I was working as a Research Assistant, my first job I ever had as a result of my degree and starting to make some money, which I feared. I didn’t like the idea of having money, the job was a one year contract and I didn’t want to get to the end of it with some considerable savings only to have it whittled down on bills and food and nonsense. Ever since I was a child I wanted to travel, to live in other countries, and up to this point, aside from a few jaunts in New Zealand and Papua New Guinea, my inner child’s been missing out. Thinking of my inner child, I actually had known for some years my first travel destination – The Burning Man Festival in Nevada, U.S.A. – The best place in the world for adults to play! To discover themselves and each other, to appreciate the universe and – wait I’m getting ahead of myself, I didn’t know that and so much more then, that’s for a later post. I don’t know, it was the art, the environment, the music and the philosophy that drew me to the festival, but it was after watching some YouTube videos of people at the festival or having just come back, there was just something, something in their eyes, they knew. And I wanted to know too.
I decided to book my flights, for better or worse, through a travel agent. It was useful actually, having someone to bounce ideas off who was familiar with my trip, especially after it became increasingly complex and expensive (although that was largely after her suggestions). What started off as a week at Burning Man and two weeks split between San Francisco and Vegas ended up as that plus a month and a half in Mexico, a week in Cuba, then back to the States for Halloween in New Orleans before heading home.
I didn’t know what to expect out of my two and a half month holiday to the US, Mexico and Cuba. I was starting my trip, (wink), at Burning Man, heading to Cuba because I like socialism in theory and communist chic in practice, but Mexico was – I can’t say exactly what it was, but I have had this recurrent desire to visit Mexico ever since I can remember, watching the cartoon Mysterious Cities of Gold, as well as the Zorro movies with, ahh… Antonio Banderas, one of my first man-crushes. But in reality, I had no idea what to expect from Mexico, even though I was spending the majority of my holiday there. All I had planned was a week in Mexico City, followed by a tour winding through the south and over into the Mayan Riviera, ending up on the island of Cozumel for two weeks, before heading to Cancun for a few nights. The planning for Burning Man was intensive, which is probably why I was so unprepared for Mexico, which turned out to be a good thing, surprises are what life’s about, more about Burning Man, and surprises, in my next post.
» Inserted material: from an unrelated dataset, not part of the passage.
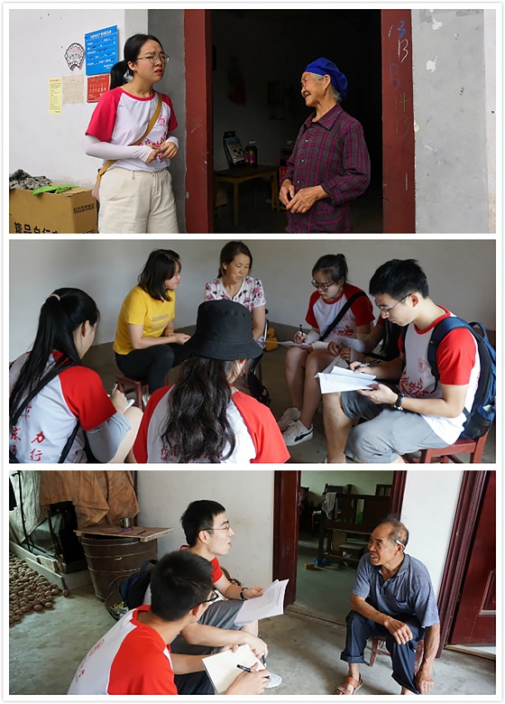 在当地扶贫干部引领下,实践团队来到袁家庄镇,深入走访数十户贫困家庭,了解其生活情况和教育情况,以宣讲扶贫政策、深化扶志扶智、增强脱贫自信为切入点与村民进行了热烈的交流。
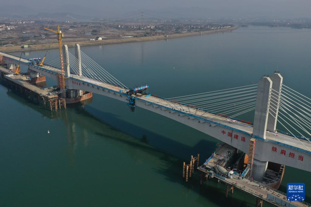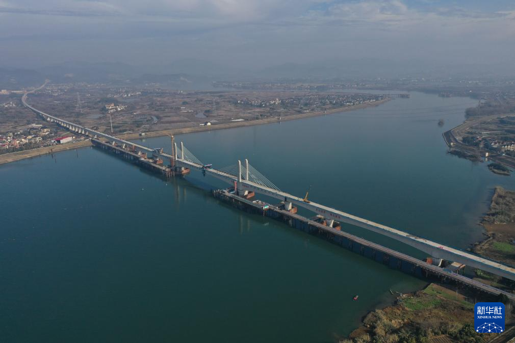 12月26日拍摄的由中铁三局承建的金建铁路兰江特大桥主跨(无人机照片)。

It seemed for a long time, to be such a long time till my holiday, until it was stressfully imminent, and then it was upon me. My parents dropped me off at the airport, I checked in and did all the super fun airport stuff, that would become oh just so much more fun with each and every leg (SYD – LA, LA – Los Vegas, Vegas – Salt Lake City, Salt Lake City – Reno – Thanks Delta!). I had no idea what to expect, I knew it would be amazing, and I knew I would have crazy, wild experiences, but honestly, I could not have dreamed, hoped, and sometimes not even wanted the experiences that happened to me. After you have seen how good it can be, that’s all you want, and that is painful.
The moment I set foot on that plane, nothing would be the same again.